# Can't beleive this has not been posted



## gsgary (Jan 1, 2012)

I don't get involved in all this rumours crap but found this


----------



## Rephargotohp (Jan 1, 2012)

Which Fall? was it supposed to come out in Fall 2011 but got delayed, Or fall 2012?
Oh the questions lol


----------



## Overread (Jan 1, 2012)

Noooo not you too Gary - another fooled by the illusion that is the 5DMIII


----------



## Derrel (Jan 1, 2012)

Looks like a faked video. The web is filled with that kind of stuff. If it were GENUINE, it would have Canon logos, production information, (i.e. produced by Canon USA, or Canon, Europe, or Capon, Japan,etc),and would be all over the damned place!!! If it were genuine, Canon would have "seeded" it with dPreview and every other big web site...this is probably made by some Canon fanboy.
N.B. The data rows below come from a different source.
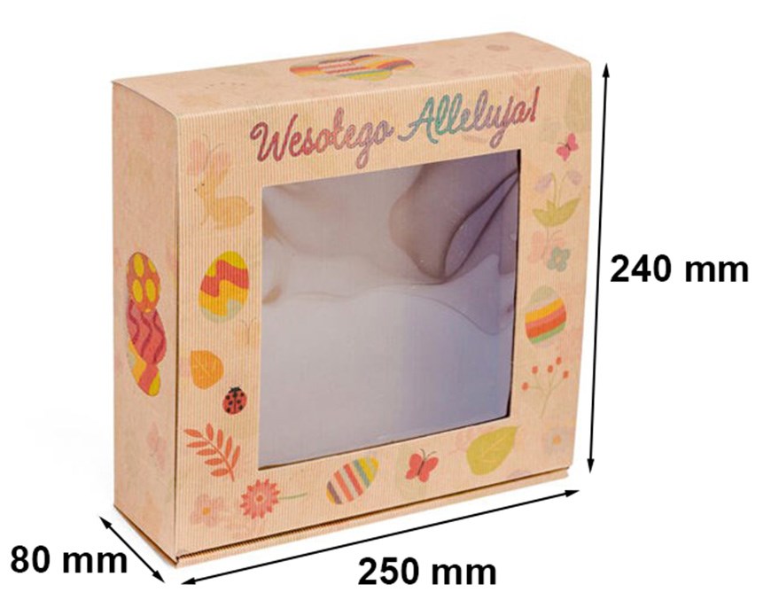 Stylowy i funkcjonalny karton z okienkiem, ozdobiony motywem świątecznym "Alleluja", to doskonałe opakowanie na wielkanocne upominki. Jego wyjątkowy design podkreśla radosny charakter świąt, a solidna konstrukcja zapewnia bezpieczeństwo przechowywanych przedmiotów.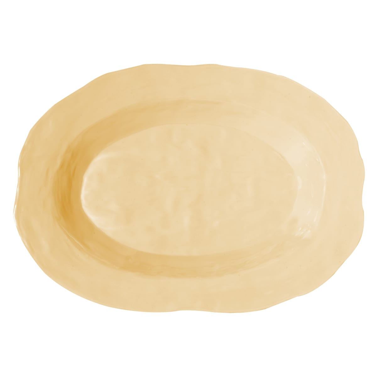 This New Yorker™ squash color platter is made of break‐resistant melamine. It's a great choice for glass cases to display bakery or other food choices for customers. This plate is dishwasher safe and NSF listed.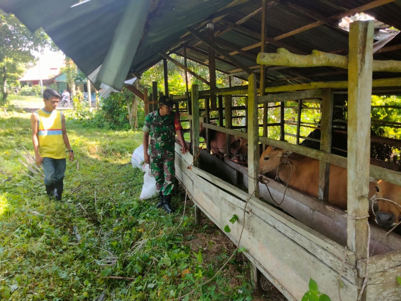 Terkait Wabah Pmk,Babinsa Koramil 08/KM Pantau Dan Cek Kesehatan Ternak Milik Warga

It could however, possibly, be a FUD campaign designed to "freeze" customers thinking of buying another camera. One cannot rule out that kind of dirty pool; there's a lot of money at stake in the Canon-Nikon pro camera market segment.


----------



## Destin (Jan 1, 2012)

Look in the bottom left corner at 7 seconds and you can CLEARLY see that it's a photoshop hack job. Someone forgot to fix that spot apparently haha. THIS IS FAKE.


----------



## gsgary (Jan 2, 2012)

It made you all look though


----------



## Overread (Jan 2, 2012)

if anyone clicks and goes to the youtube the creator admits its fake (at least in the original hosting, unless its been posted to youtube as oft happens)

But I think canon will split it - you'll get the 5DMIII which will be a rebel body with a fullframe sensor at a 5D original price; and then you'll get the 8D a double priced higher spec fullframe sensor 


(hey don't call be crazy, they did it to the XXD line already)


----------